A personal research archive accumulates free-text keywords over years. Without curation, the vocabulary drifts:

Symptom	Example	Count
Singletons (used once)	`$.tmpl()`, `2136 6th avenue`	2645 (80%)
Near-duplicates	`org mode` / `org-mode`	6 pairs
Too broad	`clojure` (55 docs)	1
Missing entirely	131 docs with no keywords	21%

The search engine (pocket-es) displays keywords as clickable chips. A keyword that appears once connects nothing. A keyword on 55 docs produces 6 pages of results – too many to scan. The goal: every keyword appears on 2–50 docs (1–5 pages at 10 results per page).

1.1. Per-document keyword count distribution

The number of keywords per document should also be consistent. Too many keywords dilute signal; too few leave the doc unreachable.

Metric	Value
Mean	9.9 keywords/doc
Std dev	6.1
Consistent range (mean ± 1σ)	4–16
Over-tagged (>16)	72 docs
Under-tagged (<4)	11 docs
No keywords	98 docs

Worst offenders: libpython-clj2 (63 keywords), startup-weekend-seattle-2012 (48), angular-summit-boston-2017 (42). These are keyword dumps from the 2024 GPT-3.5 review pass – the model listed every noun in the document.

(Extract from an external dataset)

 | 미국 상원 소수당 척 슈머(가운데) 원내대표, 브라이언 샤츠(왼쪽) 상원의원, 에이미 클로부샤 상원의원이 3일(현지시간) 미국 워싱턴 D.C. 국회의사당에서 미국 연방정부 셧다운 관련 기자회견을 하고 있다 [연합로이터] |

The convergence loop should also normalize per-document counts: prune over-tagged docs to the 10–12 most discriminating keywords, fill under-tagged docs from content analysis.

kw/doc	R0	R1	R2
0	131	98	43
1-3	15	11	2
4-6	62	95	114
7-9	120	155	292
10-12	105	120	98
13-16	55	52	43
17-20	38	30	38
21+	72	52	0

2. Convergence rounds

2.1. Round 0: GPT-3.5 batch review (2024-08)

The 2024 AI review pass added #+KEYWORDS to ~492 files. Keywords were generated from document content by GPT-3.5. No controlled vocabulary, no normalization, no deduplication. Result: 3285 unique keywords, 80% singletons, max 63 keywords on one doc.

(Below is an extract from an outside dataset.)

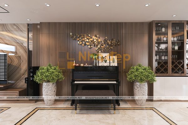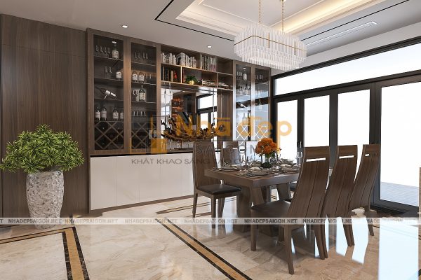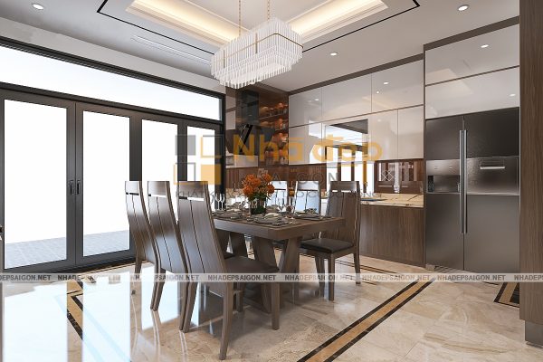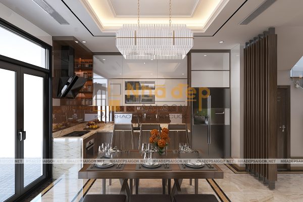 Nhà phố hiện đại quận 05 anh Bình được thiết kế phòng khách liên thông với không gian bếp sử dụng vách lam gỗ với kích thước khoa học, kiểu dáng thanh thoát hài hòa đảm bảo cho sự liền mạch trong không gian tổng thể. Bàn ăn hình chữ nhật, mặt bàn bằng gỗ bày trí với 6 chiếc ghế đồng chất tiện dụng cho việc sinh hoạt và khiến không gian trở nên gần gũi hơn.Hệ thống đèn chùm độc đáo vừa giúp trang trí, vừa đảm bảo cho ánh sáng khu vực ăn uống thêm phần ấm cúng và sinh động. Ngoài ra, sử dụng tấm kính lớn trên mảng tường, vị trí đặt bàn ăn ngay cửa ra vào giúp không gian đón được nhiều ánh sáng và gió tự nhiên, đồng thời tạo không gian rộng rãi, thoáng đãng.

2.2. Round 1: initial cleanup (2026-05-31)

Agents rewrote 96 slop descriptions. Stopwords data and code removed from the tokenizer. 80 event dates corrected from AI review dates to actual conference dates. 14 hallucinated titles replaced.

Metric	Before	After
Docs with keywords	492 (80%)	530 (84%)
Zero keywords	131	98
Mean ± std	9.9 ± 6.1	~9.5 ± 5.5
Over 20	72	52

2.3. Round 2: systematic convergence (2026-06-01 / 2026-06-02)

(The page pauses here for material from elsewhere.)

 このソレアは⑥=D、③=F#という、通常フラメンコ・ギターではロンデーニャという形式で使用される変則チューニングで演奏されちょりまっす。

Three parallel agent passes:

Fill: added 6–10 keywords to 67 zero-keyword docs (weekly summaries, event indexes, SmallCon sessions, research stubs)
Prune: cut 37 over-tagged docs from 21–63 keywords down to 10–12 (removed session-level noise, kept technology names)
Bump: raised 11 under-4 docs to 4–8 keywords

Metric	Before R2	After R2	Change
Docs	628	630	+2 (new notes)
With keywords	530 (84%)	587 (93%)	+57
Zero keywords	98	43	−55
Over 20	52	0	−52
Under 4	11	2	−9
Mean ± std	~9.5 ± 5.5	8.9 ± 3.5	tighter
Max	63	20	−43

The remaining 43 zero-keyword docs are generated stubs (bot lab canaries, #+INCLUDE fragments, YYYY templates) that are excluded from org-publish and do not appear in search results.

2.4. Round 3 (planned)

Merge 6 near-duplicate keyword pairs (hyphen vs space)
Apply irregular lemmatization table (strategies → strategy)
Run embedding similarity to find docs that should share keywords
Prune singletons (target: <10% singleton ratio)
Convergence criterion: singleton ratio <10%, no keyword >50 docs, every doc 4–16 keywords, merge candidates <5

3. Method

The convergence process is iterative, analogous to Newton's method for root-finding but applied to a tagged document set:

repeat:
  1. Count: keyword → number of docs
  2. Prune: remove keywords with count = 1
  3. Merge: normalize near-duplicates (hyphen/space, singular/plural)
  4. Split: replace too-broad keywords with specific sub-terms
  5. Add: keyword-less docs get 4–10 terms from content analysis
  6. Re-index
until distribution stabilizes (fixed point)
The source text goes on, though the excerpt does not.